Directions. Reproduce exactly the lines of this material that begin at the line with "N493 Anillo piedra" and end at the line with "60 Pieces Floor", both included. Omit the pictures and everything else.

Information.
● ● ● ● ● ● ●
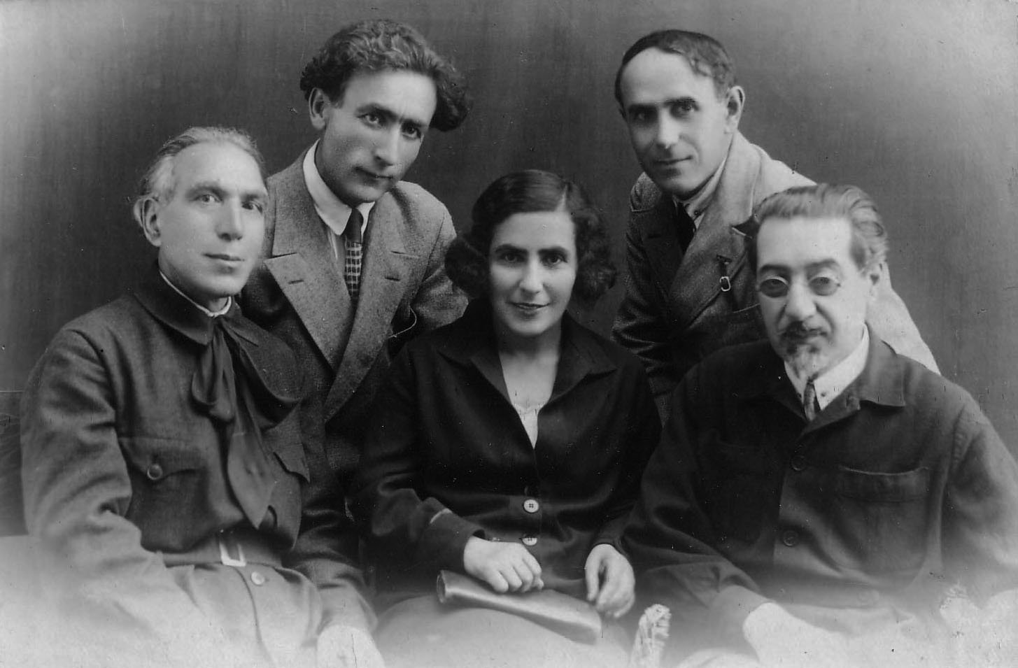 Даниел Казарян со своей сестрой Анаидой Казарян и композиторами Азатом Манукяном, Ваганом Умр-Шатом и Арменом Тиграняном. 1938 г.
● ● ● ● ● ● ●
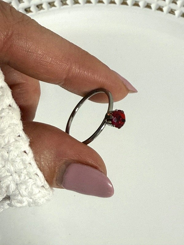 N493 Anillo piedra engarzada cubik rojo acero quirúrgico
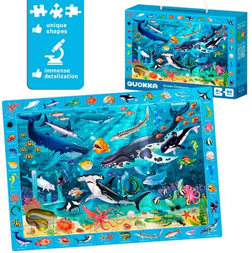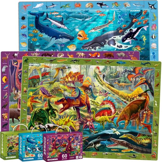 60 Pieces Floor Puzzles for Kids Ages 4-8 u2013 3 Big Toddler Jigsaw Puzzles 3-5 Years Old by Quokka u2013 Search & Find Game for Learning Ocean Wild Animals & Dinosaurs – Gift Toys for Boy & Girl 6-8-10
● ● ● ● ● ● ●
The completed task.
 N493 Anillo piedra engarzada cubik rojo acero quirúrgico
 60 Pieces Floor Puzzles for Kids Ages 4-8 u2013 3 Big Toddler Jigsaw Puzzles 3-5 Years Old by Quokka u2013 Search & Find Game for Learning Ocean Wild Animals & Dinosaurs – Gift Toys for Boy & Girl 6-8-10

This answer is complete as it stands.